This is the detailed step-by-step if you want to recreate the process I describe in the Confluent blog here
I used Oracle’s Oracle Developer Days VM, which comes preinstalled with Oracle 12cR2. You can see the notes on how to do this here. These notes take you through installing and configuring:
- Swingbench, to create a sample “Order Entry” schema and simulate events on the Oracle database
- Oracle GoldenGate (OGG, forthwith) and Oracle GoldenGate for Big Data (OGG-BD, forthwith)
- I’m using Oracle GoldenGate 12.3.1 which includes the Kafka Connect handler as part of its distribution. A connector for earlier versions can be found here. Some of the syntax may differ in the configuration below - if you hit problems then check out an article that I wrote with an earlier version of the tool.
- OGG
extract
from the Order Entry schema - Confluent Platform
- KSQL
- Elasticsearch
From this point, I’ll now walk through configuring OGG-BD with the Kafka Connect handler
Configuring the Kafka Connect replicat 🔗
The OGG-BD replicat takes the trail file of events written by the extract
job, and replays those events to the target. In our case, the target is the Kafka Connect handler.

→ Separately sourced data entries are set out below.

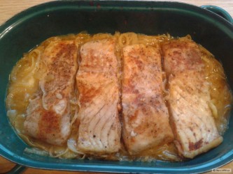 Do pekáče dáme olej, cibuli a v troubě vyhřáté na 180°C cibuli trochu opečeme. Na opečenou cibuli vložíme porce kapra kůží nahoru a cca 10 - 15 minut pečeme.
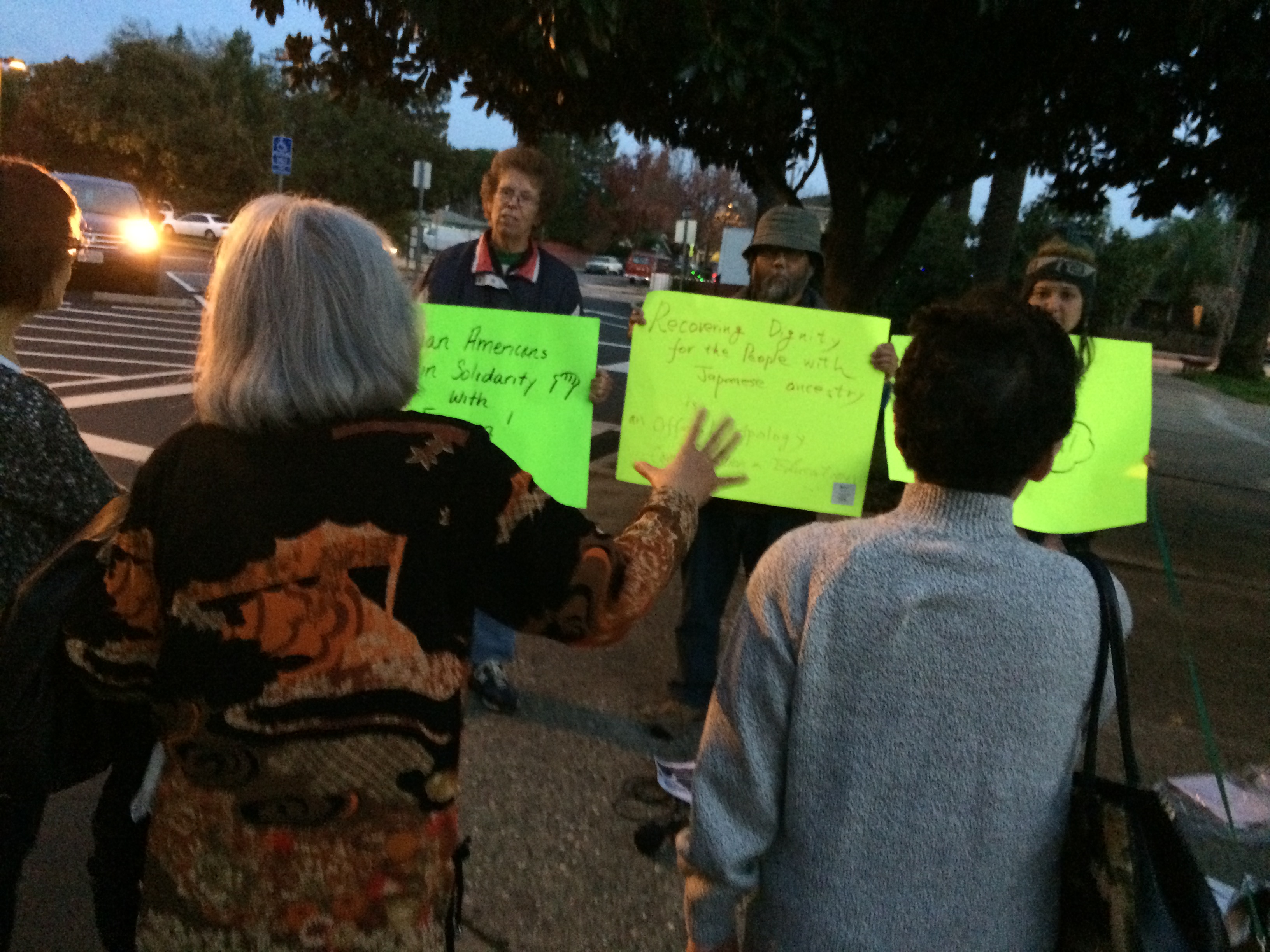 To their credit, one of the leaders and several supporters of Nadeshiko Action engaged in conversation with the protesters, who stood with signs outside the the Redwood Community Center where the press event was held. The surprised visitors from Japan asked, "How did you know we were here?" and "Why do you call us racists when we have Korean and Chinese friends?"
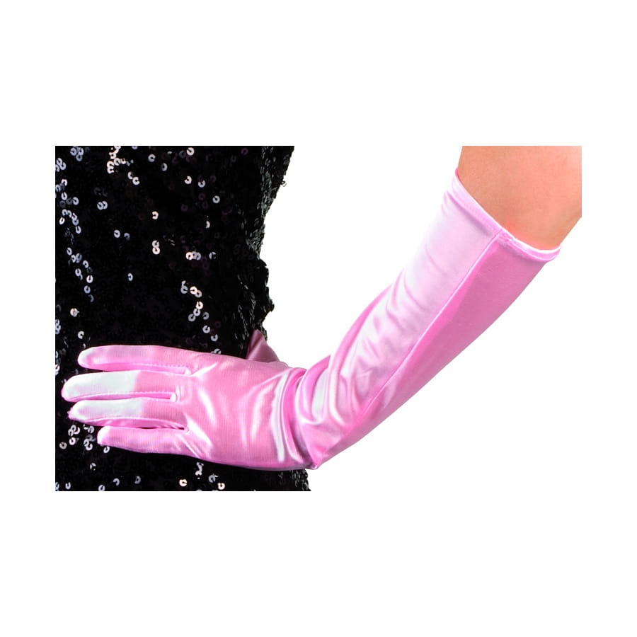Paire de gants de princesse ou de magicienne satinés de couleur rose et en élastique. Les gants sont de 40 centimètres de long. Vous pouvez les utiliser pour un déguisement de conte de fée mais aussi pour compléter un déguisement de Drag Queen.
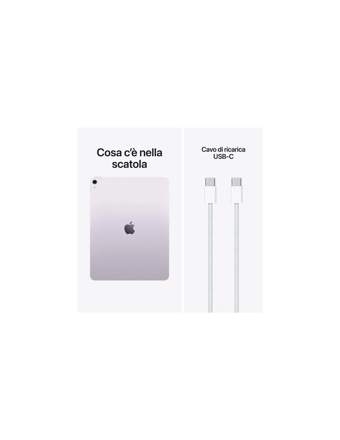 Apple iPad Air 13'' Wi-Fi 128GB - Viola. Dimensioni diagonale schermo: 33 cm (13"), Risoluzione del display: 2732 x 2048 Pixel, Tecnologia display: LED. Capacità memoria interna: 128 GB. Famiglia processore: Apple M, Modello del processore: M4. Memoria Interna: 12 GB. Risoluzione fotocamera posteriore (numerico): 12 MP, Tipo di fotocamera posteriore: Fotocamera singola, Risoluzione fotocamera frontale (numerico): 12 MP, Fotocamera frontale. Wi-Fi standard: Wi-Fi 7 (802.11be). Peso: 616 g. Sistema operativo incluso: iPadOS 26. Colore del prodotto: Viola
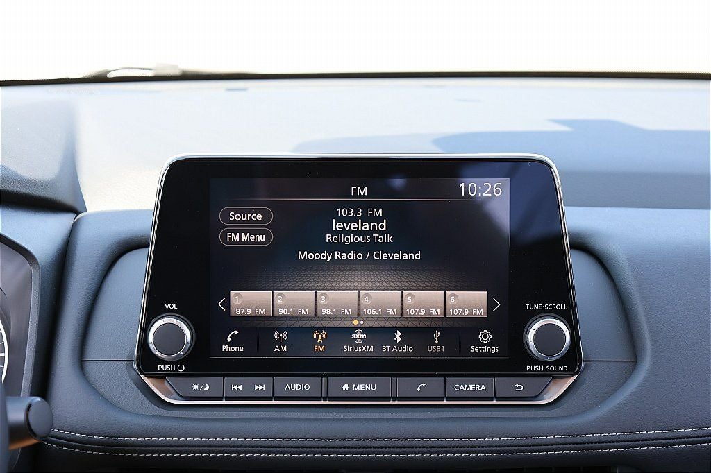 - Radio: AM/FM NissanConnect -inc: 6 speakers plus 2 tweeters, Apple CarPlay, Android Auto, 8" color touch screen display, Bluetooth®, 2 front USB type-C, Wi-Fi hotspot and NissanConnect Services powered by SiriusXM
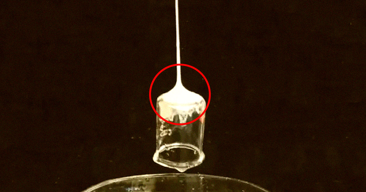 While it won’t allow an adult person to swing from skyscraper to skyscraper any time soon, the results speak for themselves. Footage of the team’s experiments shows strands of the material being dripped onto a number of objects from several inches above, forming a solid connection in a matter of seconds and allowing the object to be carried away.
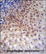CCDC36 Antibody (C-term) (Cat. #P32572)immunohistochemistry analysis in formalin fixed and paraffin embedded human esophageal carcinoma followed by peroxidase conjugation of the secondary antibody and DAB staining.This data demonstrates the use of CCDC36 Antibody (C-term) for immunohistochemistry. Clinical relevance has not been evaluated. |
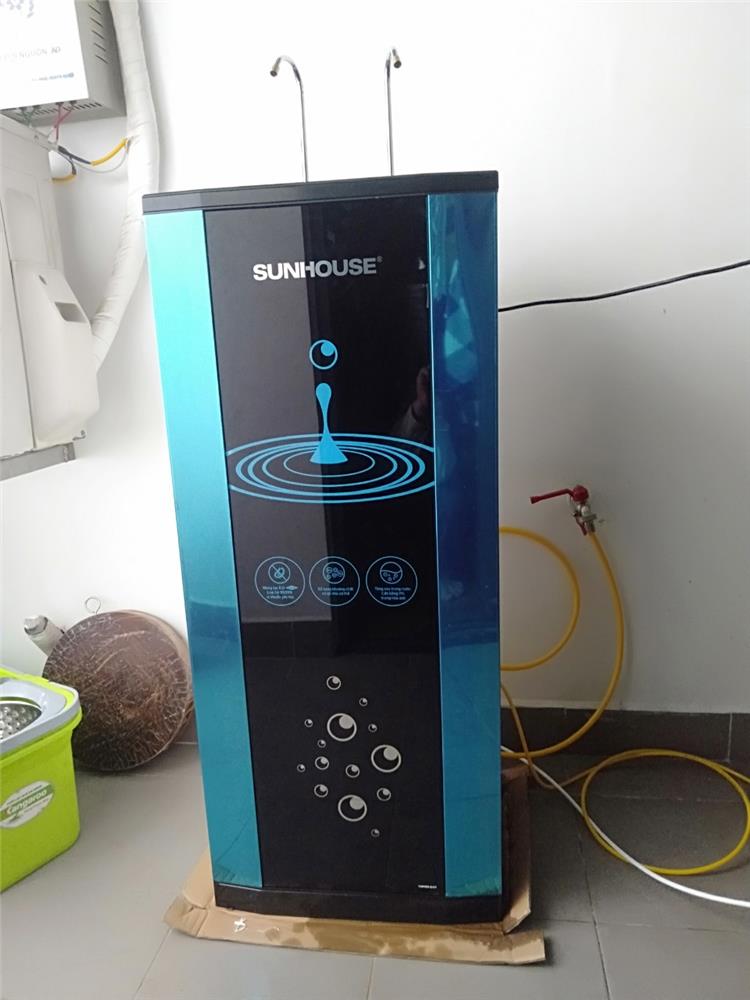- Chiếc máy lọc nước RO Sunhouse này có kiểu dáng tủ đứng hiện đại, sang trọng.
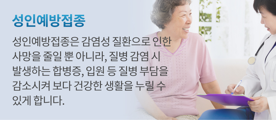 예방접종은 감염병 예방에 가장 효과적이고 안전한 공중보건 중재 수단입니다. 지금까지는 영유아를 중심으로 예방접종을 하였으나 상대적으로 성인 예방접종에 대해서는 적극적이지 못하였는데, 최근 건강에 대한 관심이 고조되면서 성인 예방접종 분야에 대한 관심 역시 증가하고 있으며, 성인 예방 접종의 필요성이 점차 제기되고 있습니다.

You can find full documentation for the OGG-BD replicat here. Each replicat has three configuration files:
- A parameter file, which can be used to specify configuration including the selection of specific tables or schemas from the Extract trail file. This file also points to the primary properties file
- The properties file is where we tell OGG-BD to use the Kafka Connect handler (
gg.handler.kafkaconnect.type=kafkaconnect
), as well as the topic name format and Kafka message key. These latter two items are new and improved in 12.3.1, and are template-driven. You can see the full syntax for them here. Another useful configuration item in this file isgg.log.level
which you can set toDEBUG
if you need to dig into what’s going on. - The Kafka Connect configuration file, which points to the Kafka brokers, and the Converters that we want to use (Json or Avro). If we’re using Avro, the URL for the Schema Registry is also defined here.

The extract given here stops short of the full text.